Albuquerque, New Mexico, served as the backdrop for a Regional Training Workshop November 8-9. As this event was being planned, New Mexico did not have a state AgrAbility project. However, they were recently awarded an AgrAbility grant.
A group of 40-plus professionals in occupational therapy, physical therapy, assistive technology, vocational rehabilitation and social work, gathered to network and learn about AgrAbility, the link between OT and AgrAbility, lighting, adaptive tools and technology, and urban and microscale farming.
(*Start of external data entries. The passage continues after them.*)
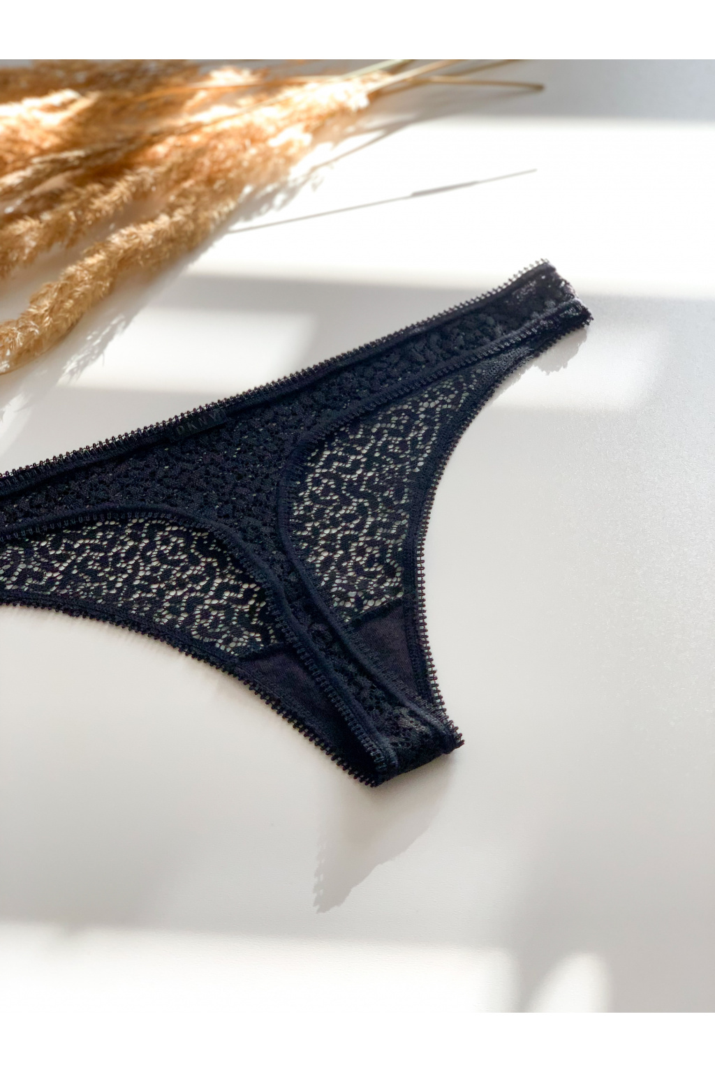Jemná krajka dodává kalhotkám ženský vzhled, ale na dotek zůstává příjemná a pod oblečením nepůsobí rušivě. Tangový střih působí lichotivě i při každodenním nošení.
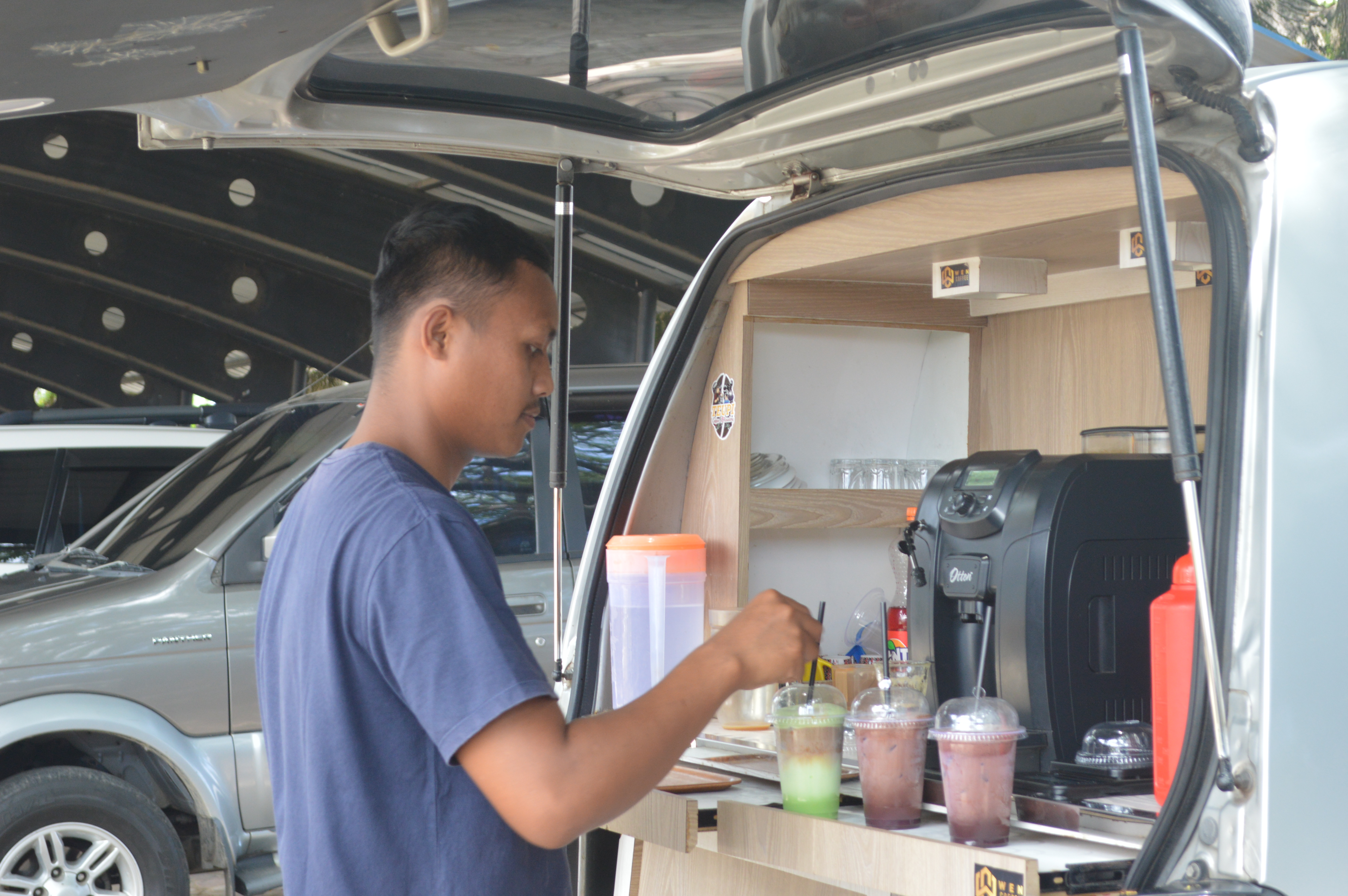 Ya, bermodal yakin dan kemauan, akhirnya sosok Muhammad Rizal mampu membangun usahanya dengan menjual minuman kopi dengan mobil kopinya.
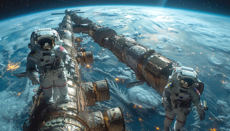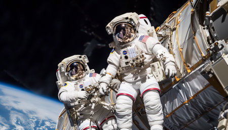 astronauts working diligently to repair and maintain the International Space Station (ISS). They are performing tasks outside the station,Generated with AI
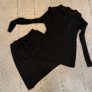 Mock neck sweater set charcoal grey
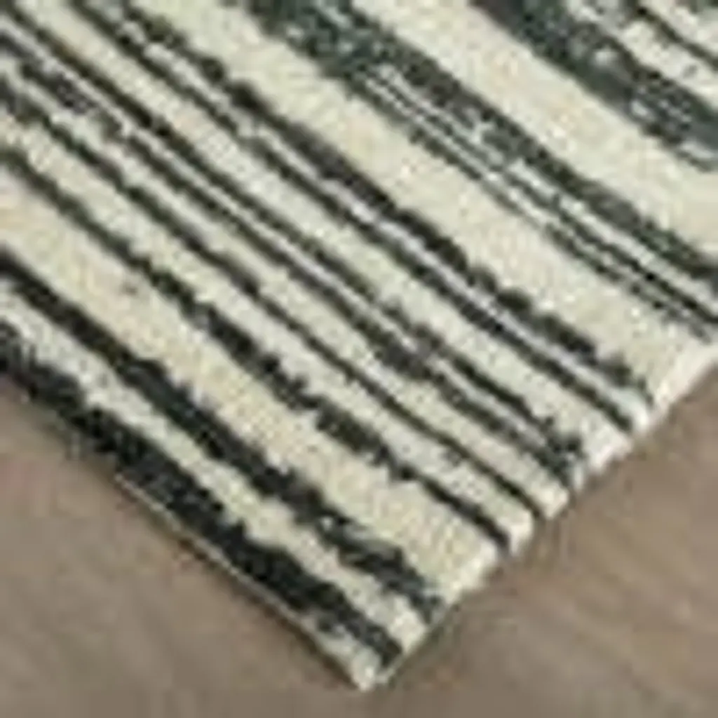 Collection: Colton Colors: Black, Ivory Construction: Machine Made Material: Face: 100%Polyester / Warp: Cotton Pile: Low Pile Pile Height: 0.4" Styles: Contemporary,Industrial Backing: Cotton Made In: India Thickness: 0.4" Price Range: $$$$$ (Affordable)
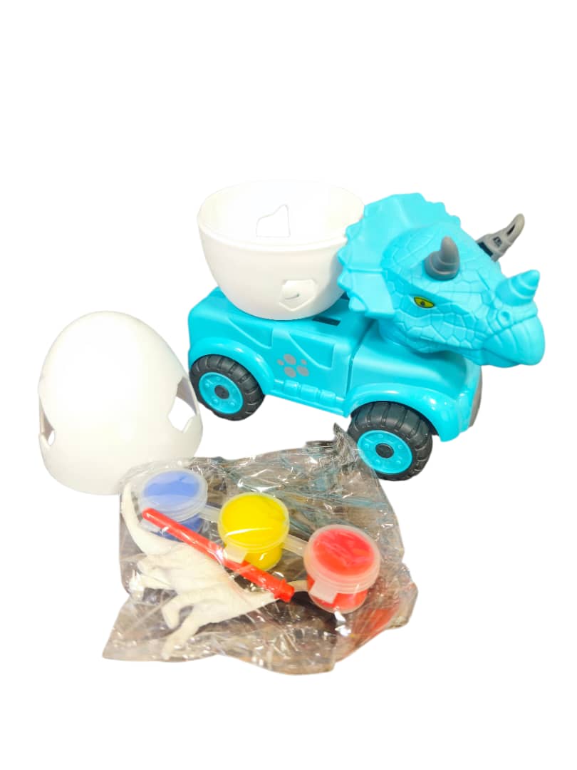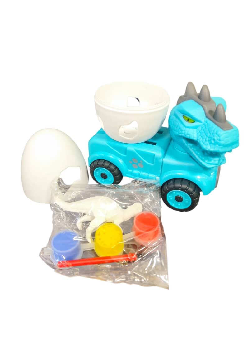 این مجموعه یک اسباببازی خلاقانه و سرگرمکننده است که ترکیب ماشینهای کوچک با تخمهای دایناسور را ارائه میدهد. هر ماشین به شکل دایناسور طراحی شده و یک تخم سفید روی آن قرار دارد. جذابیت اصلی این محصول در این است که همراه با هر ماشین و تخم، یک ست رنگآمیزی شامل رنگهای کوچک و قلممو وجود دارد تا کودک بتواند تخم دایناسور را به سلیقه خودش رنگ کند.
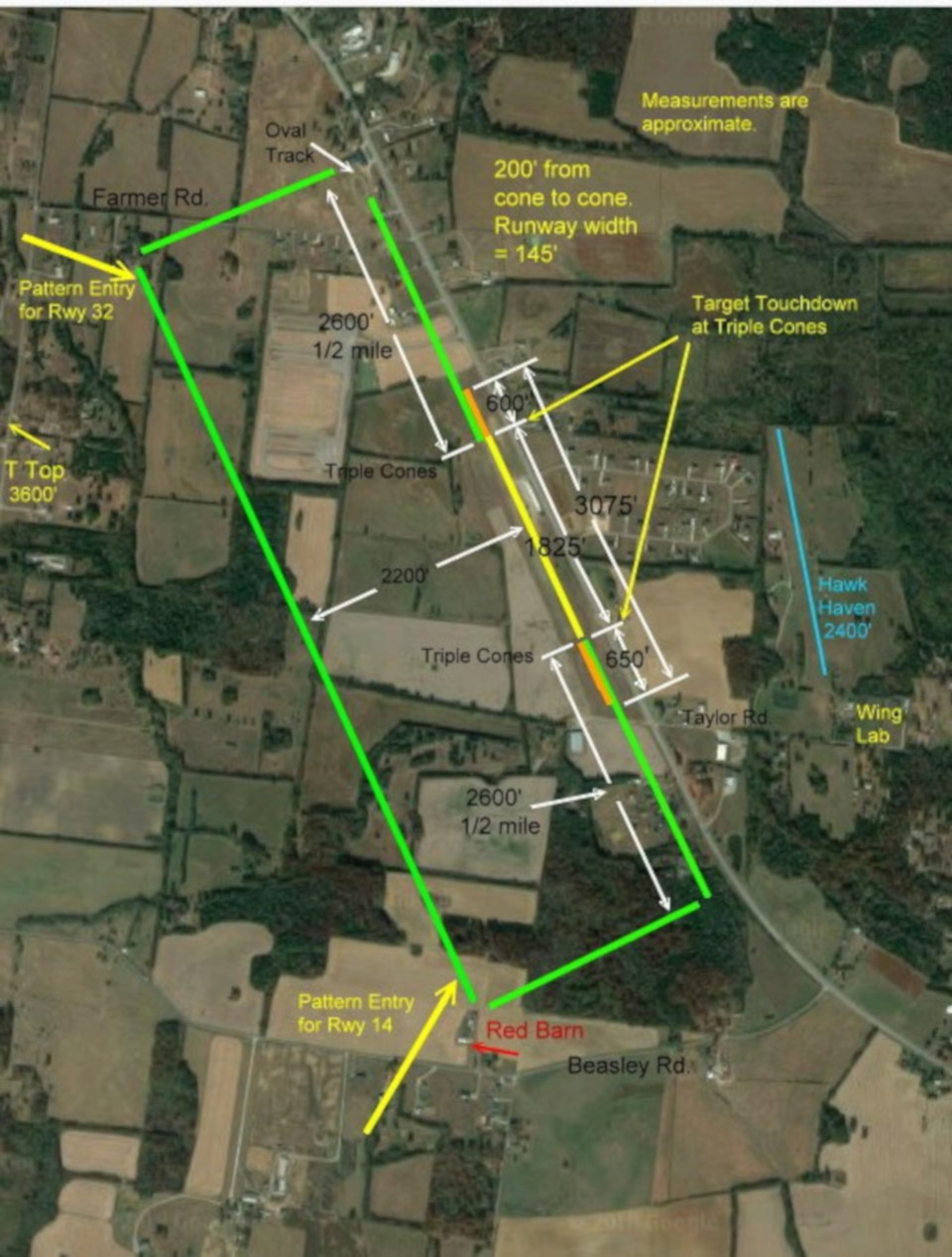 Below you will find a wonderful aerial pattern illustration made by CFI-G Tom Fleming. It shows the Eagleville Puckett (50M) runways 14 and 32 in yellow. The green lines to the left above, below, and to the left of the yellow runway line are the legs of the pattern.
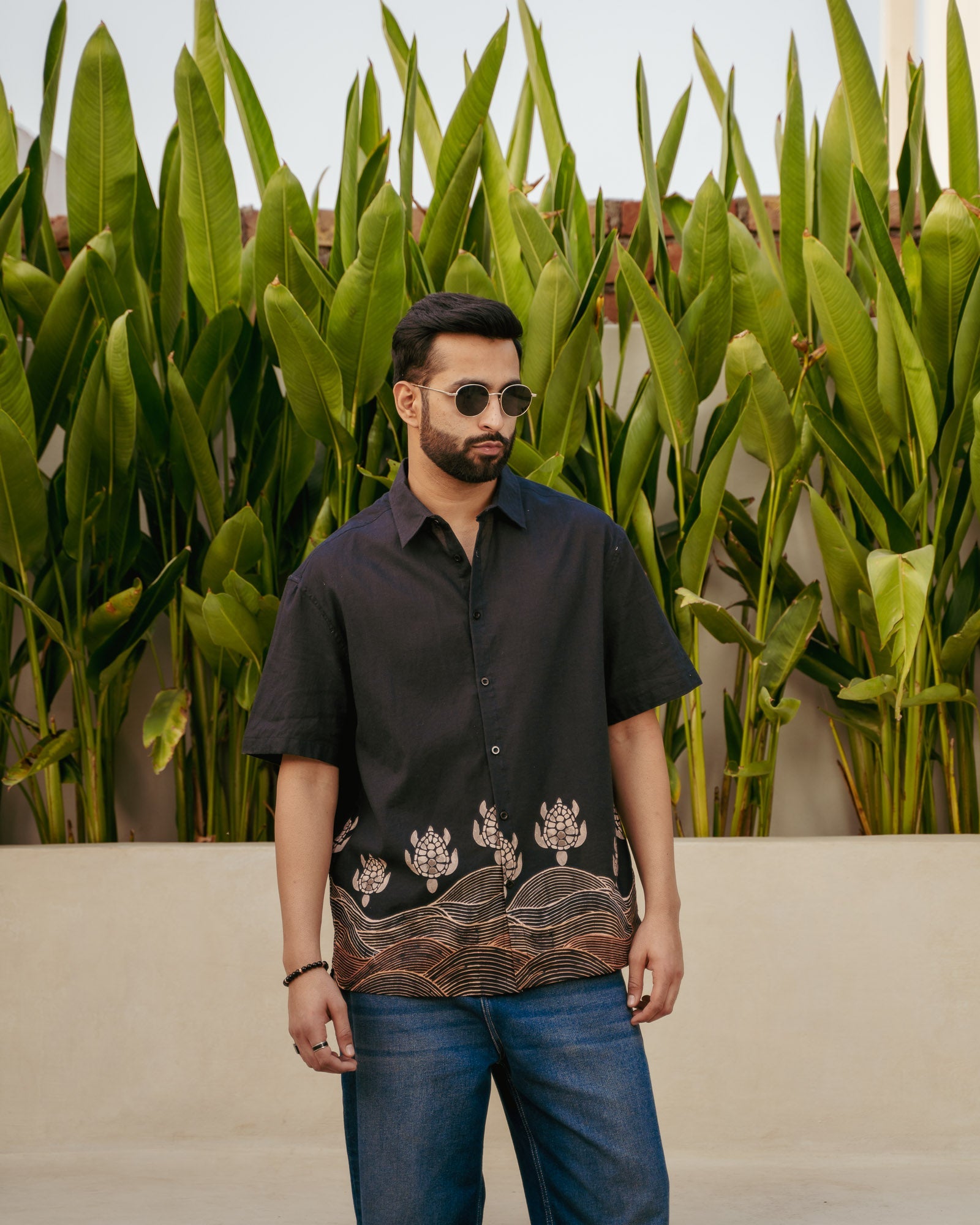 stylish men's linen shirt with turtle print or wave pattern. Perfect for a beach vacation or casual summer look.
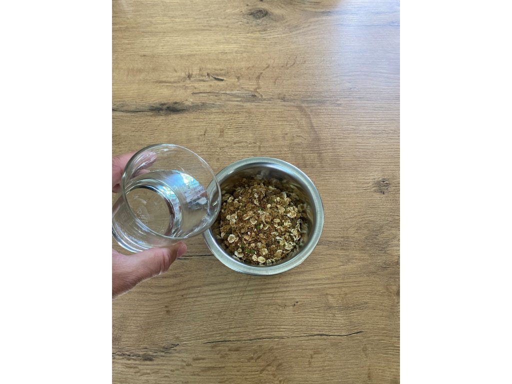 Krmivo zalijte horkou vodou 0,5 až 1 cm nad úroveň směsi a nechte několik minut nasáknout a vychladnout.
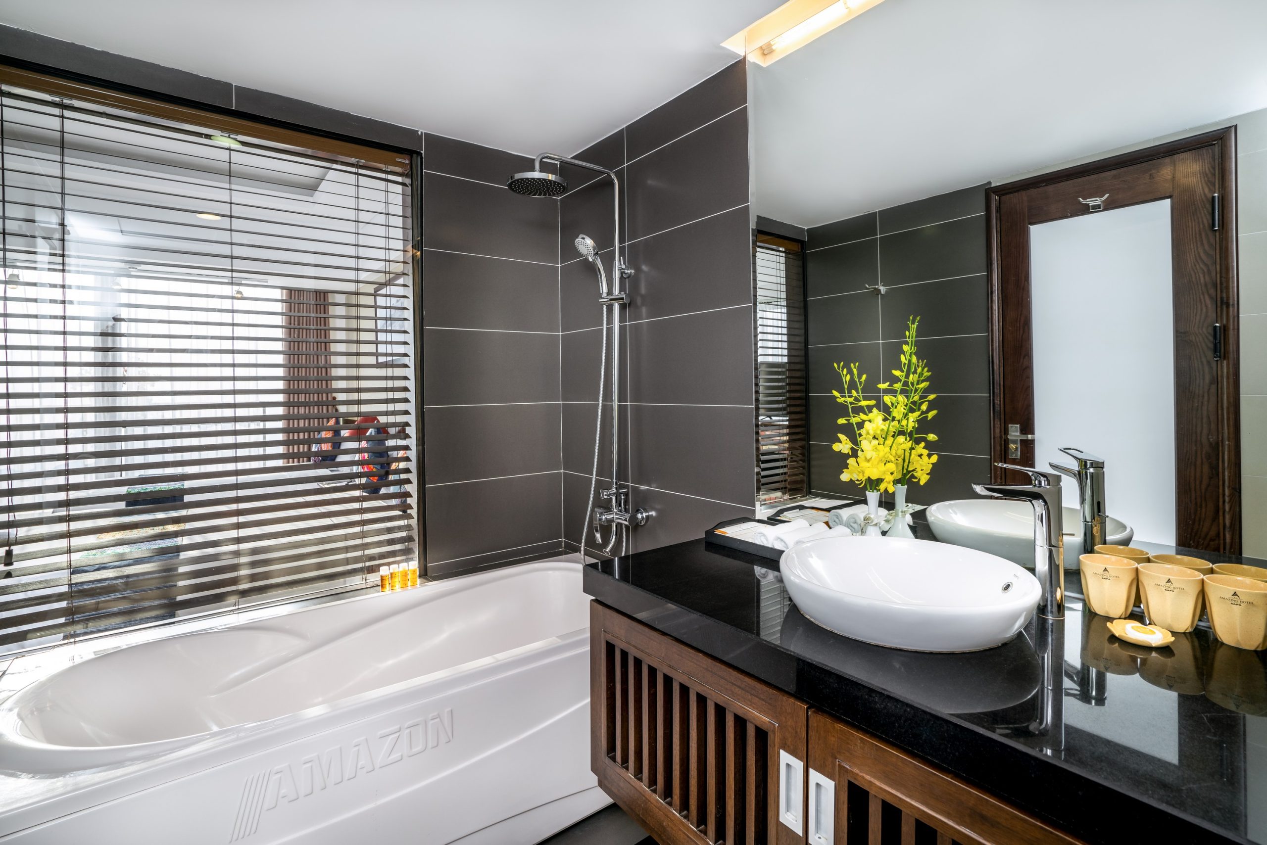 - Máy sấy tóc, áo choàng tắm, dép đi trong phòng
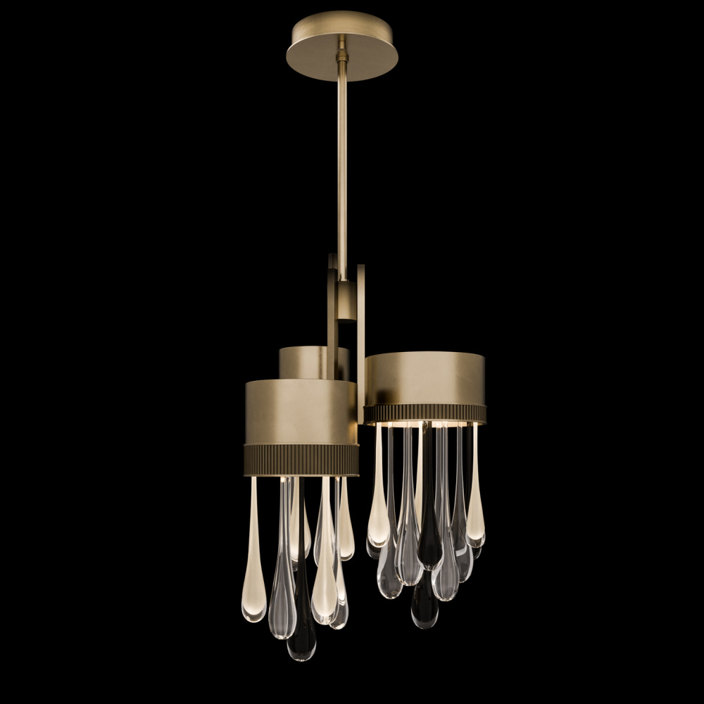 This LED pendant captures the beauty of motion suspended in time-artisan-blown glass “rain” drops infused with swirling mist and illuminated from within. Offered in Silver, Gold, or Copper drops, each paired with clear and black droplets and complemented by a hand-applied ombré finish that enhances its luminous depth.

A day of conference sessions was followed by tours of Mandy's Farm and the Gutierrez-Hubbell House. Mandy's Farm serves individuals with intellectual and developmental disabilities, providing opportunities for gardening, animal care, therapeutic riding, and affiliated business enterprises such as marketing garden goods, alpaca wool, and manure. Mandy's Farm will be a nonprofit partner in the New Mexico AgrAbility Project. The Gutierrez-Hubble House is a joint venture between Bernalillo County Open Space and Hubbell House Alliance. Using reclaimed lands in the city, individuals apply for a training program in which they learn how to work the land and grow appropriate crops. Graduates are able to take on a plot in their second year, developing their own business enterprise. Many participants in the program are coming from incarceration, drug treatment, social services, or other programs.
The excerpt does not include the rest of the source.